• [RECORDS FOR THIS EXERCISE]
>>>

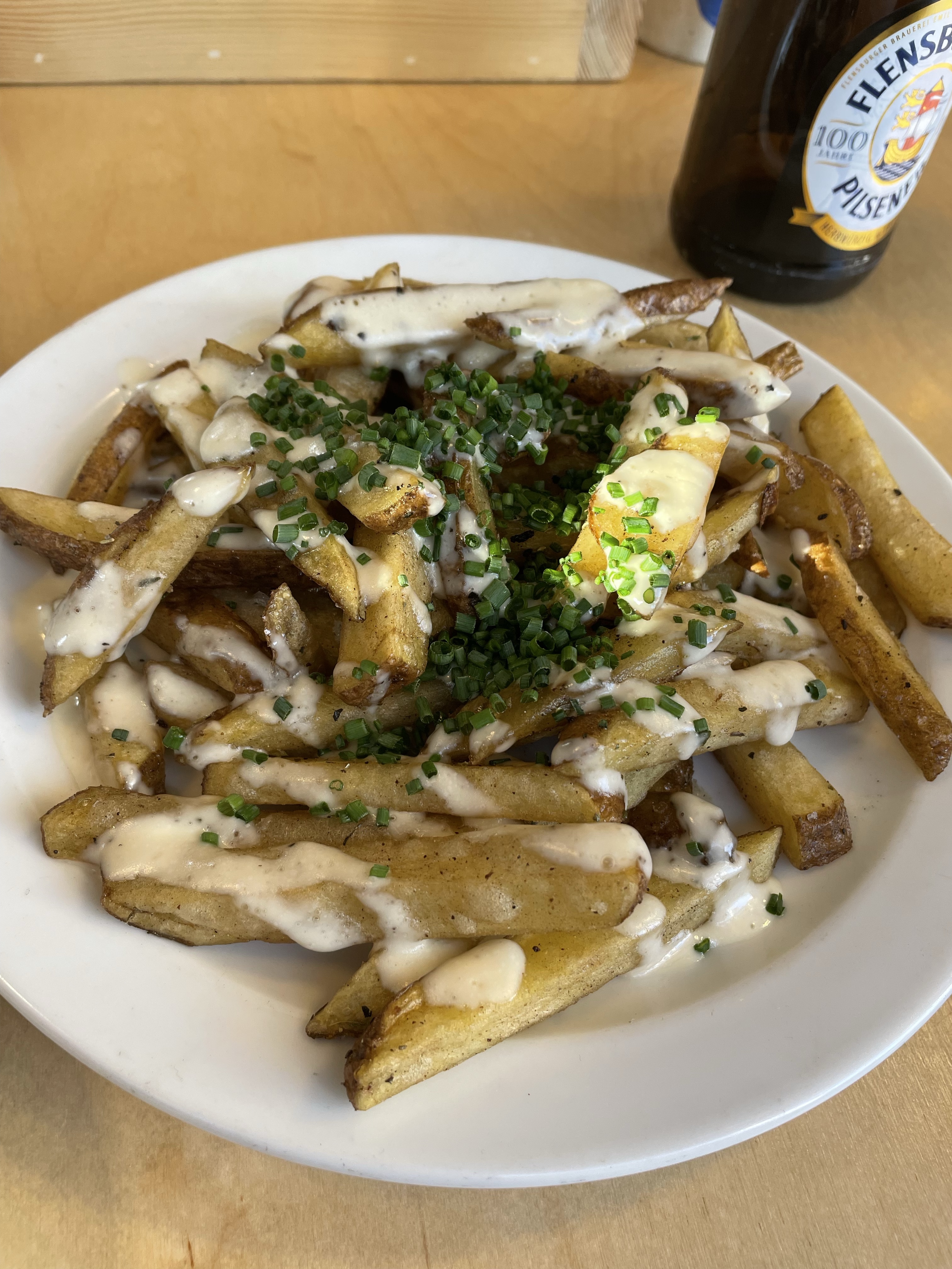 - Brunswick Chips £4.50 (v,gf) – Hand Cut Double Cooked Chips, Aioli, Chives, Brunny Salt – These weren’t bad, the Alioli was VERY garlicky and tasted a bit floury to me. I would definitely recommend sharing the portions of chips over ordering one each.
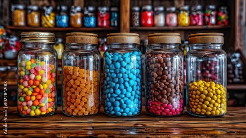 Five glass jars filled with colorful candy-coated chocolate pieces, displayed on a rustic wooden counter.
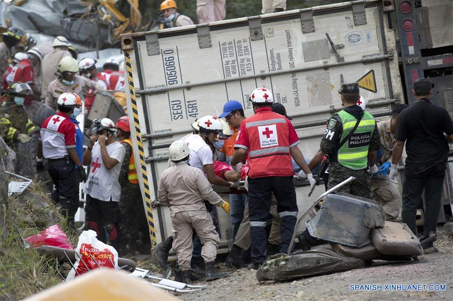 TEGUCIGALPA, febrero 5, 2017 (Xinhua) -- Rescatistas participan en la búsqueda de víctimas en el sitio donde un autobús interurbano colisionó con un camión de carga en Tegucigalpa, Honduras, el 5 de febrero de 2017. De acuerdo con información de la prensa local, al menos 17 personas murieron y varias decenas resultaron heridas a consecuencia del choque entre un autobús interurbano y un camión en una carretera del sur de Honduras. (Xinhua/Rafael Ochoa)
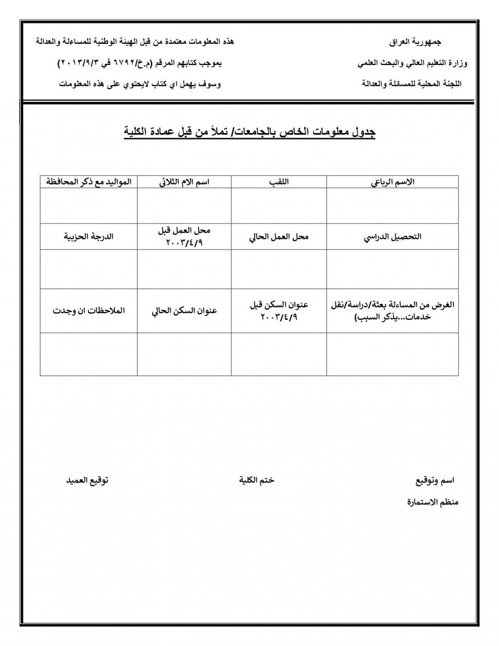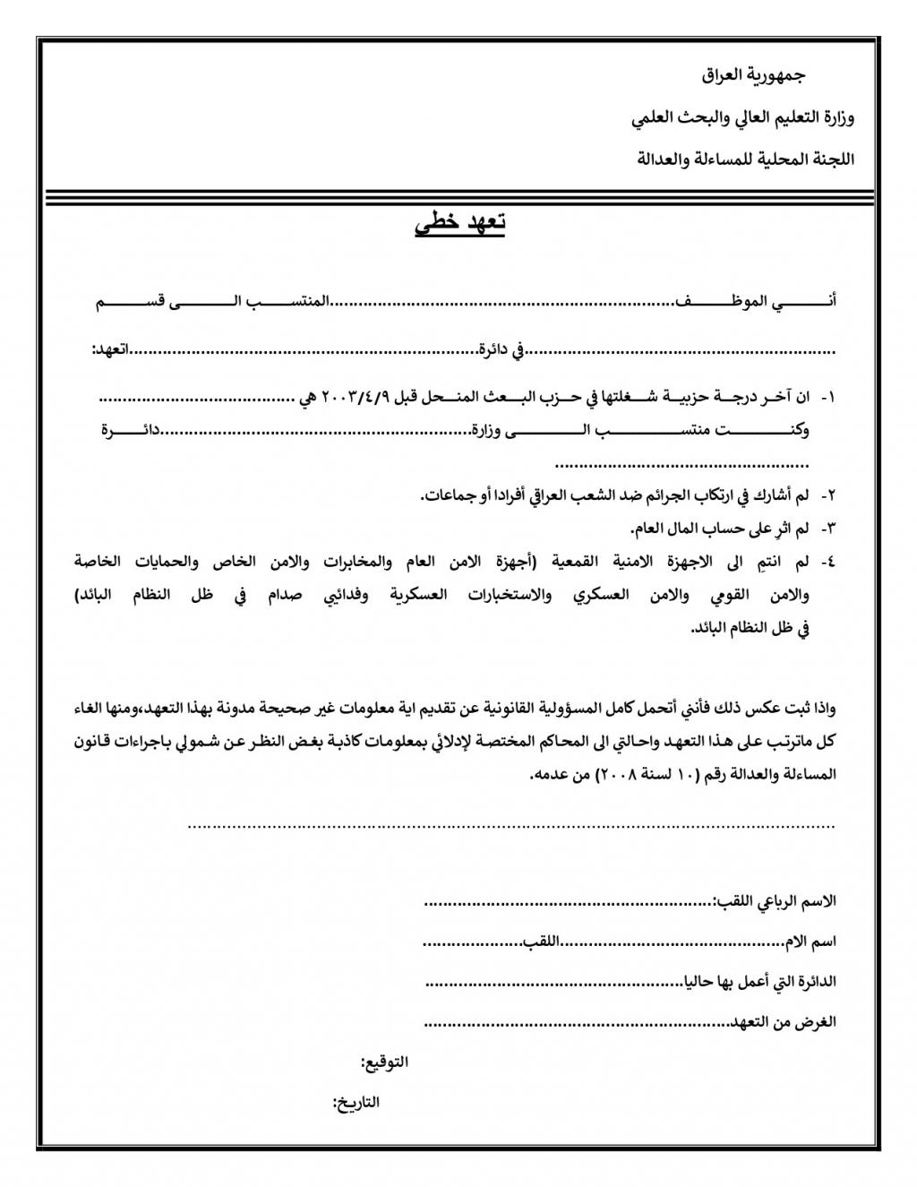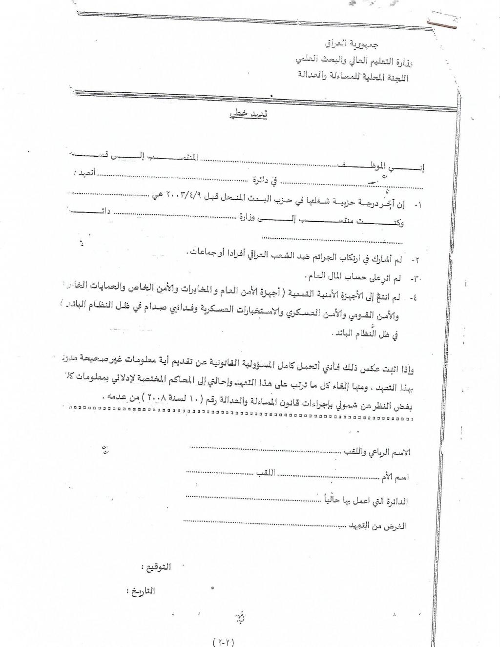 1_ يرجى ملئ استمارة المساءلة والعدالة المرفقة وارسالها مع كافة الاوراق المطلوبة
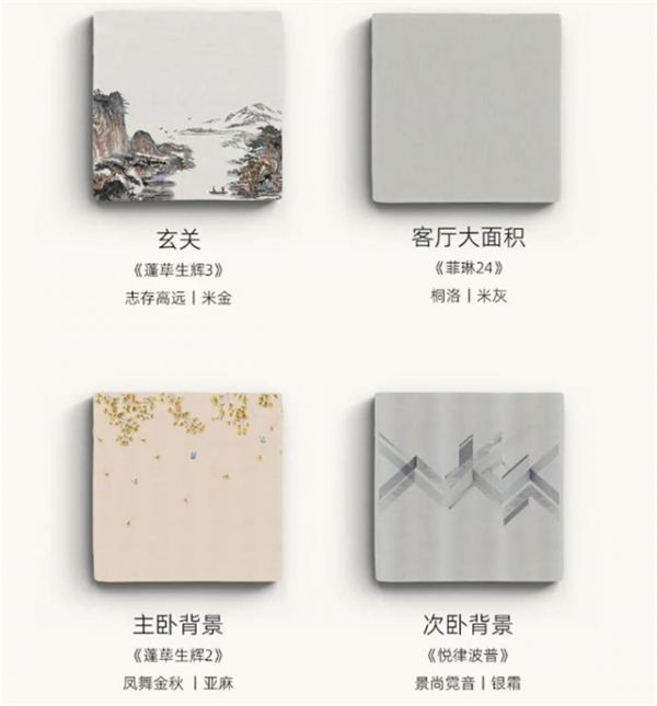 此套实景案例由苏州高新区横塘红星美凯龙领绣墙布提供,整屋用了四款产品:《蓬荜生辉3》、《菲琳24》 、《蓬荜生辉2》和《悦律波普》,上墙效果绝佳,每一幅都能完美适配于每个空间,一起来感受独具匠心的东方雅韵!
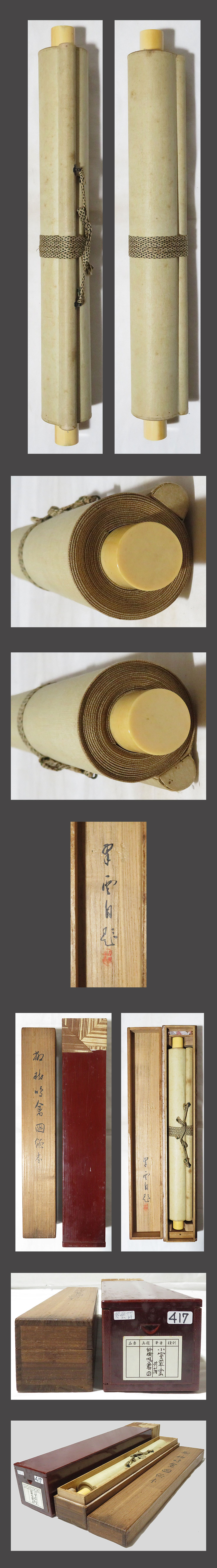 ・掛軸の軸先ですが、細心の注意を払って梱包しておりますが、 配送中の振動・気温・経年劣化等で外れてしまうことがあります。 軸先の外れは、破損ではございませんので、返品の対象にはなりません。 大変お手数ですが、お客様ご自身での修復をお願い致します。 ・添付写真の画像と説明文でご理解頂ける方、ご入札を宜しくお願い致します。 ・添付写真の画像は撮影の光度により、現物と若干の色合いの相違が生じる事があります。 ・添付写真の画像は受取完了のご連絡を頂いた後に速やかに消去しますのでご了承下さい。 ・土・日・祝日はお休みさせて頂きますので、商品発送は、月曜日以降になります。 ・祝日の場合は、翌日の平日以降の発送になります。 ・土・日・祝日は、メールの返信が若干遅れる事がございます。どうか、ご了承下さい。 ・時間的に余裕がない場合などでお答えが出来ない事も多々有ります。 ご不明な点は落札日前日までに早めにご質問下さい。 ・商品トラブルがあった場合は、直ちにご連絡下さい。 お取引に付きましては迅速・丁寧に対応させて頂きます。 ・落札後、できるだけ2日以内に連絡(返信)を頂ける方、 5日以内にご入金できる方の御入札を御願い致します。 ・新規の方や評価の総評が悪い方は当方の判断にて、入札取り消しを行う場合がございます。 ・お取引に付きましては、迅速、丁寧に対応致しますのでどうぞ、宜しくお願い致します。 ・古美術品や古物や古書画の出品が多いため、神経質な方がご入札される場合は、 ご自身が納得の行く価格でご入札ください。 ・万一、ヤフーのシステム障害により、公正なオークションができなかったまま終了し、 落札者様にご落札された場合は、当方より取引ナビで取引中止のご連絡を致します。 その時は、どうか、ご了承をお願い致します。 ・終了当日・直前の入札の取り消しは、 トラブルの原因となりますのでご遠慮お願い致します。 ・入札後の取り消し(キャンセル)は行っておりません。 ・落札後のキャンセル・返品はお断りしてます。 入札前によくご確認頂き、間違いのないようにご注意下さい。 |
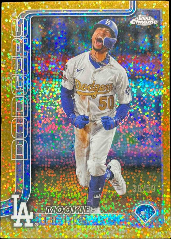 The Mookie Betts 2025 Topps Chrome #50 Base Image Variation - Gold Speckle Refractor /50 card is 1 of 116 Mookie Betts' card variations in the 2025 Topps Chrome set being tracked by Sports Card Investor, including Base, Geometric Refractor, Image Variation, Lightboard Logo Variation, and Negative Refractor.
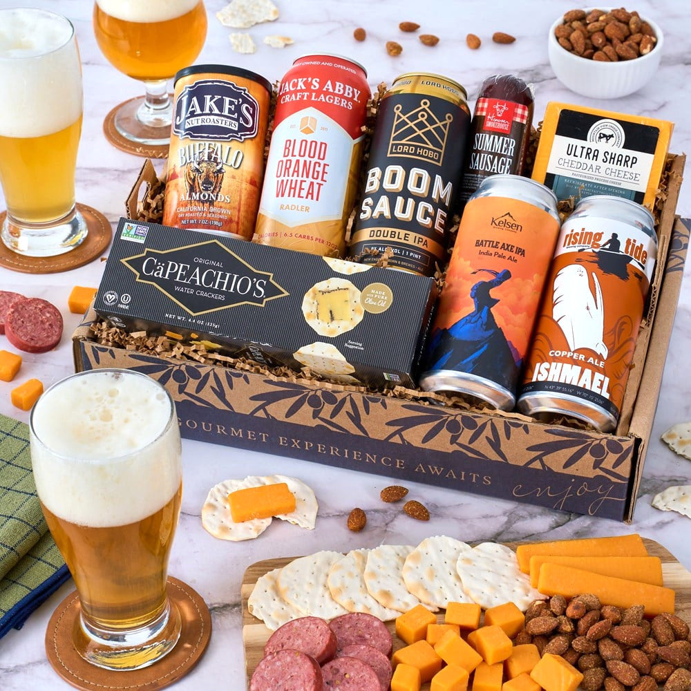 The Craft Beer Lovers Collection with Gourmet Snacks includes:
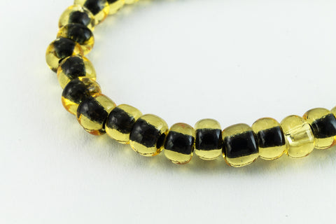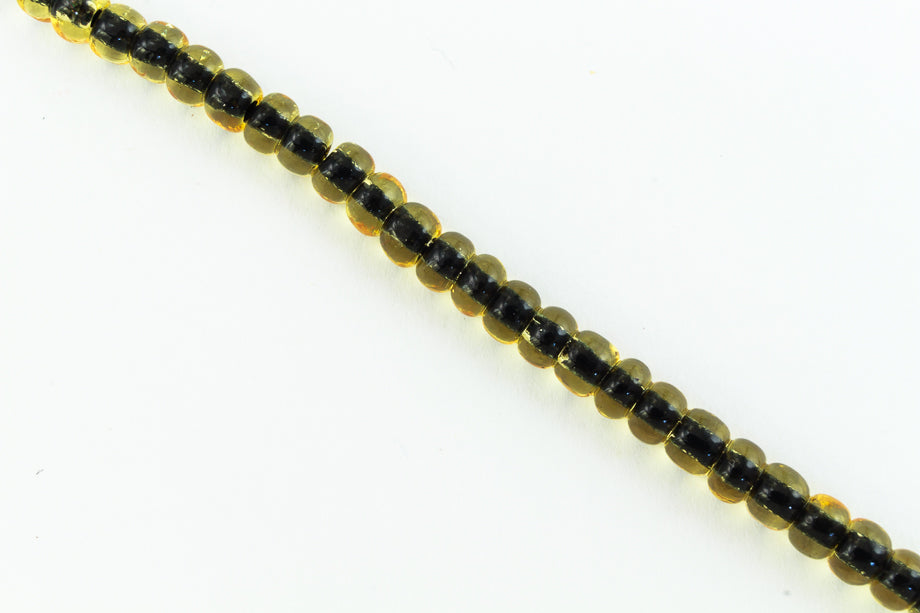 Size 6 jet lined light topaz seed beads.

<<<

• [THE PROBLEM] Reproduce the data verbatim. Do not carry any picture into the copy.

• [ANSWER FOR THE TASK]
 - Brunswick Chips £4.50 (v,gf) – Hand Cut Double Cooked Chips, Aioli, Chives, Brunny Salt – These weren’t bad, the Alioli was VERY garlicky and tasted a bit floury to me. I would definitely recommend sharing the portions of chips over ordering one each.
 Five glass jars filled with colorful candy-coated chocolate pieces, displayed on a rustic wooden counter.
 TEGUCIGALPA, febrero 5, 2017 (Xinhua) -- Rescatistas participan en la búsqueda de víctimas en el sitio donde un autobús interurbano colisionó con un camión de carga en Tegucigalpa, Honduras, el 5 de febrero de 2017. De acuerdo con información de la prensa local, al menos 17 personas murieron y varias decenas resultaron heridas a consecuencia del choque entre un autobús interurbano y un camión en una carretera del sur de Honduras. (Xinhua/Rafael Ochoa)
 1_ يرجى ملئ استمارة المساءلة والعدالة المرفقة وارسالها مع كافة الاوراق المطلوبة
 此套实景案例由苏州高新区横塘红星美凯龙领绣墙布提供,整屋用了四款产品:《蓬荜生辉3》、《菲琳24》 、《蓬荜生辉2》和《悦律波普》,上墙效果绝佳,每一幅都能完美适配于每个空间,一起来感受独具匠心的东方雅韵!
 ・掛軸の軸先ですが、細心の注意を払って梱包しておりますが、 配送中の振動・気温・経年劣化等で外れてしまうことがあります。 軸先の外れは、破損ではございませんので、返品の対象にはなりません。 大変お手数ですが、お客様ご自身での修復をお願い致します。 ・添付写真の画像と説明文でご理解頂ける方、ご入札を宜しくお願い致します。 ・添付写真の画像は撮影の光度により、現物と若干の色合いの相違が生じる事があります。 ・添付写真の画像は受取完了のご連絡を頂いた後に速やかに消去しますのでご了承下さい。 ・土・日・祝日はお休みさせて頂きますので、商品発送は、月曜日以降になります。 ・祝日の場合は、翌日の平日以降の発送になります。 ・土・日・祝日は、メールの返信が若干遅れる事がございます。どうか、ご了承下さい。 ・時間的に余裕がない場合などでお答えが出来ない事も多々有ります。 ご不明な点は落札日前日までに早めにご質問下さい。 ・商品トラブルがあった場合は、直ちにご連絡下さい。 お取引に付きましては迅速・丁寧に対応させて頂きます。 ・落札後、できるだけ2日以内に連絡(返信)を頂ける方、 5日以内にご入金できる方の御入札を御願い致します。 ・新規の方や評価の総評が悪い方は当方の判断にて、入札取り消しを行う場合がございます。 ・お取引に付きましては、迅速、丁寧に対応致しますのでどうぞ、宜しくお願い致します。 ・古美術品や古物や古書画の出品が多いため、神経質な方がご入札される場合は、 ご自身が納得の行く価格でご入札ください。 ・万一、ヤフーのシステム障害により、公正なオークションができなかったまま終了し、 落札者様にご落札された場合は、当方より取引ナビで取引中止のご連絡を致します。 その時は、どうか、ご了承をお願い致します。 ・終了当日・直前の入札の取り消しは、 トラブルの原因となりますのでご遠慮お願い致します。 ・入札後の取り消し(キャンセル)は行っておりません。 ・落札後のキャンセル・返品はお断りしてます。 入札前によくご確認頂き、間違いのないようにご注意下さい。 |
 The Mookie Betts 2025 Topps Chrome #50 Base Image Variation - Gold Speckle Refractor /50 card is 1 of 116 Mookie Betts' card variations in the 2025 Topps Chrome set being tracked by Sports Card Investor, including Base, Geometric Refractor, Image Variation, Lightboard Logo Variation, and Negative Refractor.
 The Craft Beer Lovers Collection with Gourmet Snacks includes:
 Size 6 jet lined light topaz seed beads.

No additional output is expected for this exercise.